The Unnoticed: Lesbian Refugees
At the 6th International
Interdisciplinary World Women’s Conference in Kampala in 2002, I was speaking
about lesbian issues in a session towards the end of the conference. A woman
approached me and said that there were big problems for lesbians in Uganda, and
that gaining recognition as refugees was particularly difficult for lesbians.
The above stories show that there
is no shortage of stories which indicate a need for lesbians to flee their home
countries. And this is only the tip of the iceberg as many lesbians do not make
their sexuality visible for fear of further harm – by the state, the community,
officers or members of their own family.
Two authors have suggested that
there is no documentary evidence on lesbians (McGhee 2003; Magardie 2003). Both
these authors had read most of the same material as I have including the case
of Norah and Christine mentioned earlier. The records state that so fearful
were Norah and Christine of their safety, they fled to a neighbouring country.

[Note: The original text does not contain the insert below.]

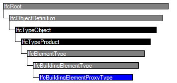 A building element proxy type is used to define the common properties of a certain type of a building element proxy that may be applied to many instances of that type to assign a specific style. Building element proxy types may be exchanged without being already assigned to occurrences.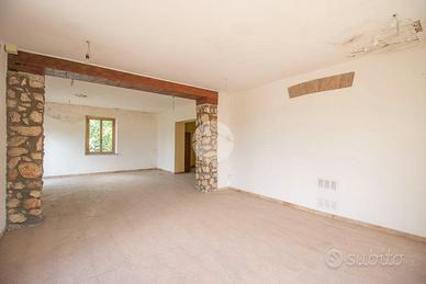L'immobile che misura 189 mq si compone di: una stanza d'ingresso con camino a vista, una cucina, due grandi sale e due bagni.

There too, lesbian existence was criminalized and so they were unable to claim
asylum. They “were forced to spend several months in
hiding while they tried to find a way to get protection as refugees” (Crimes of Hate 2001: 5).
It seems,
therefore, that even when the evidence is in front of the researchers’ eyes, it
is not seen.
This is a
significant problem faced by lesbian refugees: invisibility. The cases do exist
and must be made visible. Reinfelder comments that:
The hatred of lesbians in
most countries, has prevented many persecuted lesbians from applying for
refugee status on the basis of their sexual orientation” (Reinfelder 1996: 18).
Many
lesbians therefore apply for asylum on the basis of political persecution. But
this can result in a failure to prove their status as refugees since the worst
abuses have occurred to them because they are lesbians. If this cannot be
revealed, the case is weakened.[8]
If those
whose cases are recorded go unnoticed, how much more invisible are those
lesbians who have not identified themselves. Lesbians do marry men as a way of
protecting themselves. Sometimes this is a mutually agreed arrangement,
sometimes not.
The Lesbian Body Tortured
Within
heterosexual discourse the lesbian epitomises the body untrammelled. The
lesbian body is a body out of control in a heteropatriarchal sense, that is, it
is ungoverned by heteropatriarchal rules. For the torturer, the prisoner’s body
has also become a body out of control and such lack of control is shown each
time pain is inflicted.
… all wave after
wave of electricity, no control … I am losing control of my/self … I
can’t stop the shit, the piss, the tears, the jerks, the yells
(Rivera-Fuentes and Birke 2001: 655; italics and ellipses in original).
Elaine
Scarry writes of the prisoner’s lack of control, and way that responsibility
for it is deflected back to the prisoner so that the confession “will be
understood by others, is an act of self-betrayal” (1985: 47).
There is
an element here of just why it is that sexual orientation has been considered
outside the ambit of UN Human Rights rules and why lesbian refugees struggle so
hard to be recognised, heard and acknowledged as “genuine” refugees. It is
about the self-betrayal of the body. If lesbian existence is a choice, so the
argument goes, then the lesbian can just as easily choose not to be a lesbian.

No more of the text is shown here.